The Devil’s Candy: nourrir son démon intérieur

7.5

Deux ans après son passage élogieux au TIFF, The Devil’s Candy trouve enfin son chemin jusqu’à nos téléviseurs. Disponible en importation sous disque depuis peu, le dernier film du réalisateur de l’excellent The Loved Ones est désormais sur Netflix.

Un artiste peintre, sa femme et sa fille dénichent la maison de leur rêve dans une région rurale du Texas pour une bouchée de pain. Comme c’est souvent le cas avec les maisons bon marché — et les films d’horreur —, un événement tragique est survenu sur les lieux récemment.

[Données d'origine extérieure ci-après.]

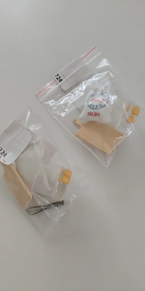 Размеры: муки, мешок для муки, мешок для соли, Скалка, разделочная доска около 45 мм; Устройство для взбивания яиц: 37 мм, яичная миска: 3*2,5 см
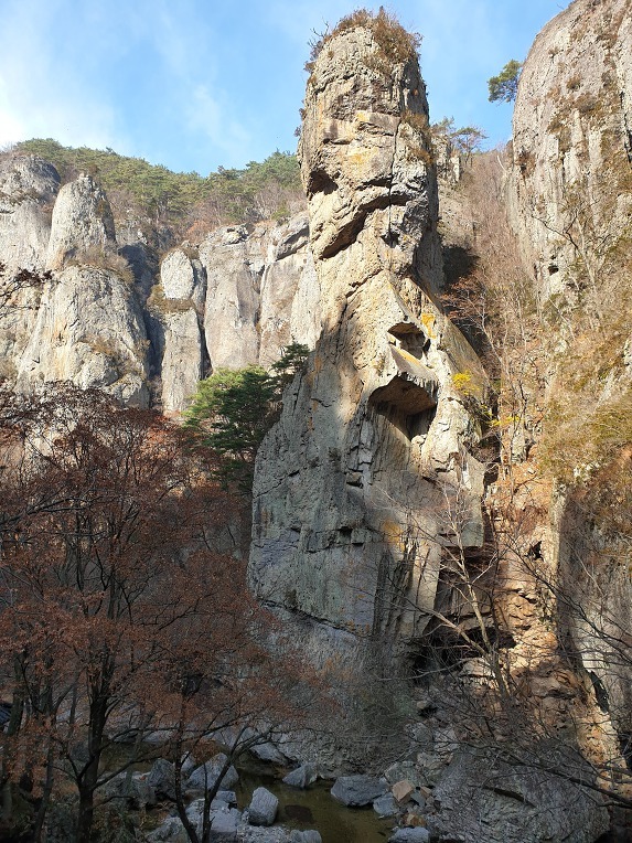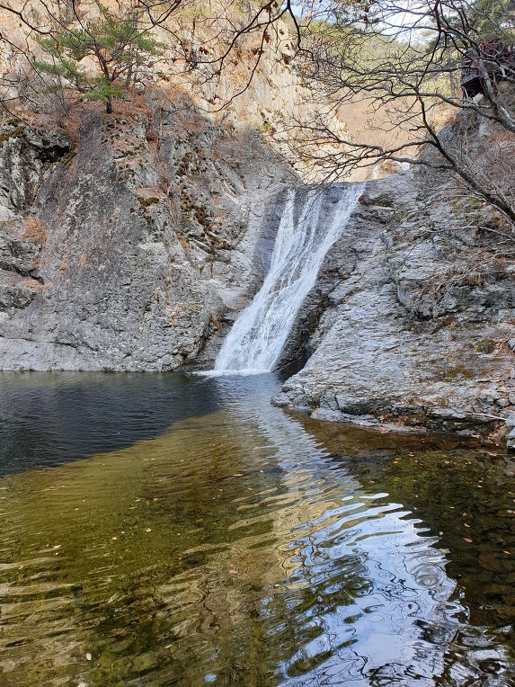 하순이 적기로 지금은 겨울 모드이다 주왕산에 폭포가 많은 이유로는 7천만년 전에 이곳 퇴적
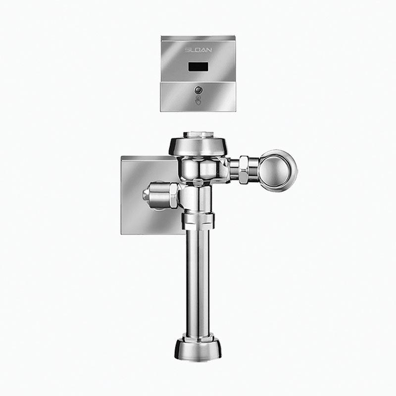 Exposed, Sensor Activated Sloan® Model Water Closet Flushometer, for floor mounted or wall hung top spud bowls.
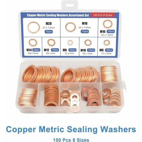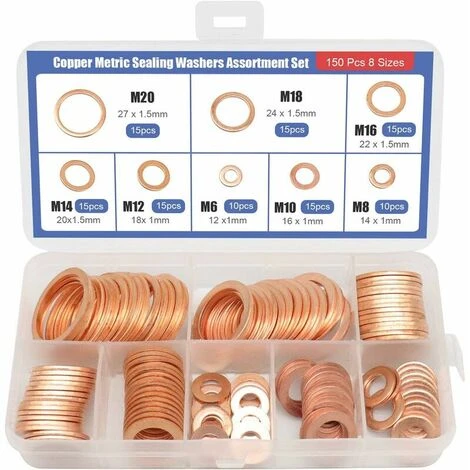 Taille 150PCS joint de combinaison de joint en cuivre en boîte, M6, M8, M10, M12, M14, M16, M18, M20. Livré avec 8 tailles de rondelles plates en cuivre les plus couramment utilisées.

Ne vous fiez pas à la prémisse archi-convenue du scénario, The Devil’s Candy n’est pas qu’une simple histoire de fantômes. La petite famille américaine atypique, menée par un Ethan Embry (Fashionista, The Walking Dead) extrêmement crédible dans ce rôle de père tourmenté, devra surmonter des épreuves beaucoup plus périlleuses qu’une hantise.

Avec son dernier film, qu’il scénarise également, Sean Byrne traite du bien et du mal, mais surtout du Mal avec un grand M et de celui qui nous habite tous à un moment donné (certains plus que d’autres). Avec sa trame sonore métal qui passe de Metallica à Slayer et Pantera, le réalisateur australien signe un film d’horreur viscéral, aux antipodes du climat d’humour noir qui planait dans son précédent The Loved Ones.

Vrai que la mise en scène manque parfois de subtilité et que le dénouement final, quoique visuellement grandiose, demeure peu crédible, mais si on réussit à en faire abstraction, The Devil’s Candy propose un récit qui évite les pires clichés du genre et aura au moins le mérite d’être original. La jeune Kiara Glasco (Maps to the Stars) y livre une performance extrêmement sentie, qui réussit à nous garder sur le bout de notre siège jusqu’au générique de fin.